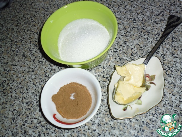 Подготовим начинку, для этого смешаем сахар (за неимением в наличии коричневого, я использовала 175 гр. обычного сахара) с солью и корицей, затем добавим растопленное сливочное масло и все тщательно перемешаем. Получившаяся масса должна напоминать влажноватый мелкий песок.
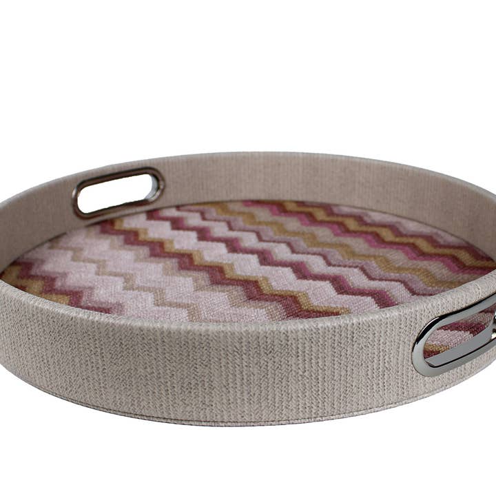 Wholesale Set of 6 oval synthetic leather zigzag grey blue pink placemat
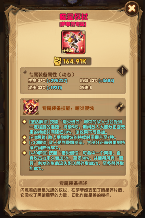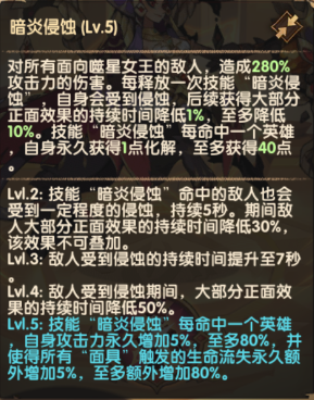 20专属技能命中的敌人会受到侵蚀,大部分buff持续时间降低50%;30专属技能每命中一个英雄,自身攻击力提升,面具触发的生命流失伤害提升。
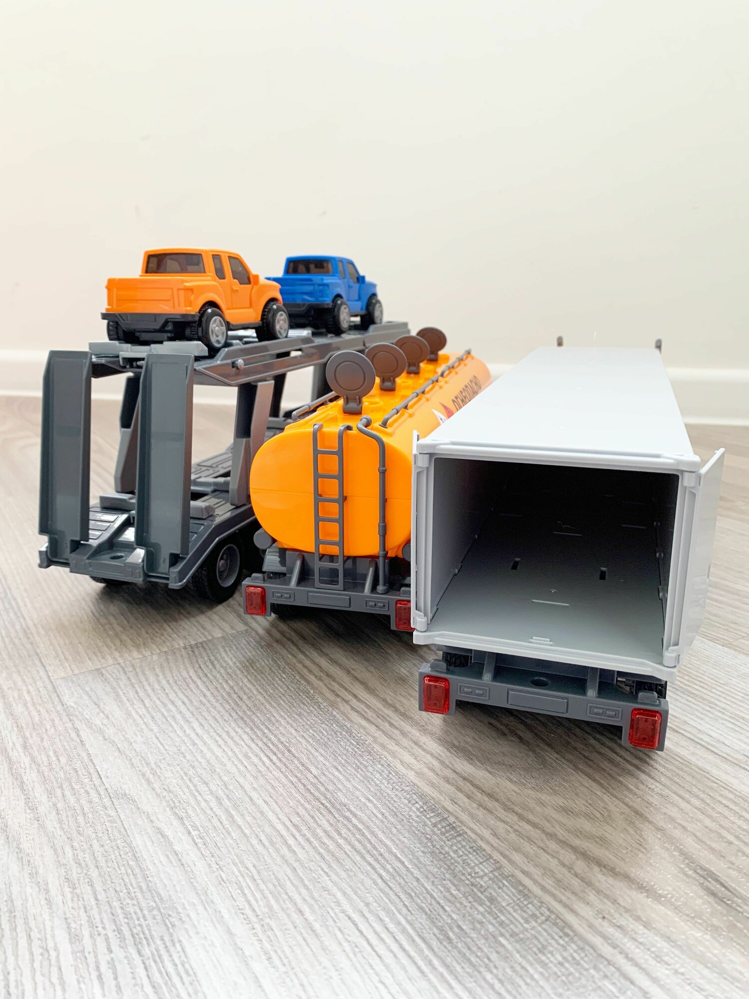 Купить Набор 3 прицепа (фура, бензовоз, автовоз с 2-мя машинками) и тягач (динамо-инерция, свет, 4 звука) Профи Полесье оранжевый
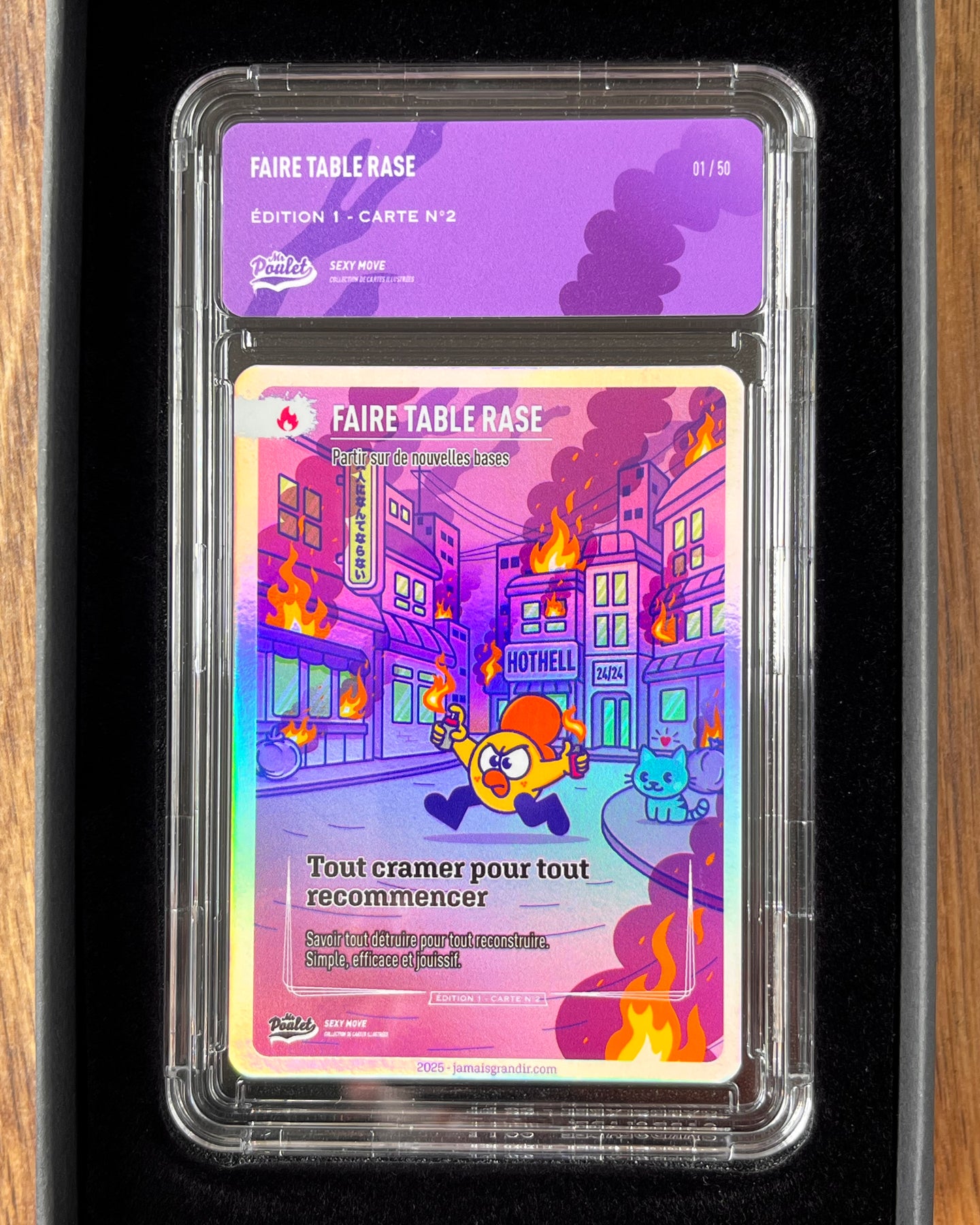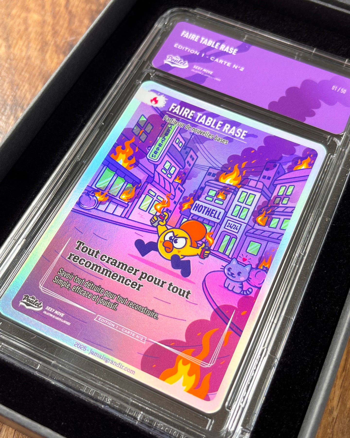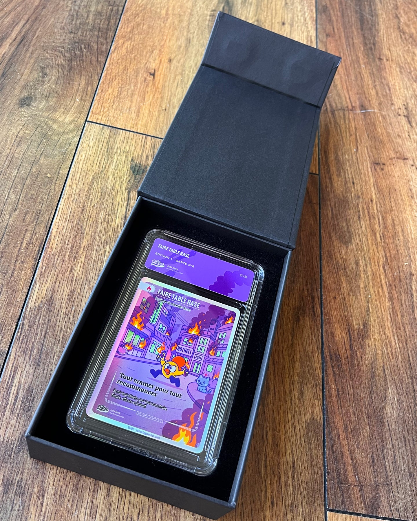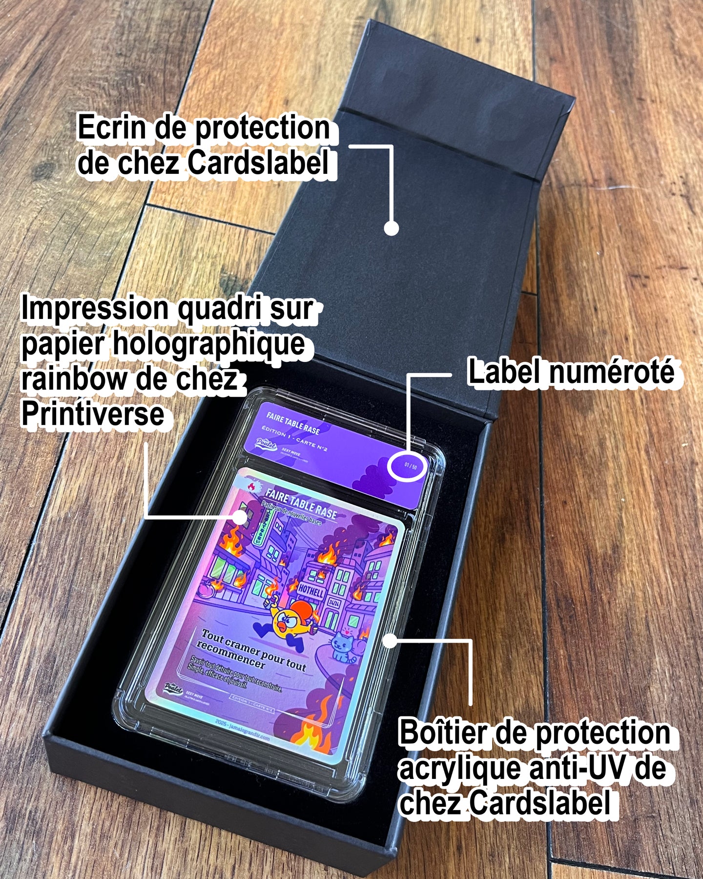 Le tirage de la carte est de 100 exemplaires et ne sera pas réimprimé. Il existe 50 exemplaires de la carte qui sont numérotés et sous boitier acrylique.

+++

* Directions
Word for word, repeat all the data, but not its images.

* Response
 Подготовим начинку, для этого смешаем сахар (за неимением в наличии коричневого, я использовала 175 гр. обычного сахара) с солью и корицей, затем добавим растопленное сливочное масло и все тщательно перемешаем. Получившаяся масса должна напоминать влажноватый мелкий песок.
 Wholesale Set of 6 oval synthetic leather zigzag grey blue pink placemat
 20专属技能命中的敌人会受到侵蚀,大部分buff持续时间降低50%;30专属技能每命中一个英雄,自身攻击力提升,面具触发的生命流失伤害提升。
 Купить Набор 3 прицепа (фура, бензовоз, автовоз с 2-мя машинками) и тягач (динамо-инерция, свет, 4 звука) Профи Полесье оранжевый
 Le tirage de la carte est de 100 exemplaires et ne sera pas réimprimé. Il existe 50 exemplaires de la carte qui sont numérotés et sous boitier acrylique.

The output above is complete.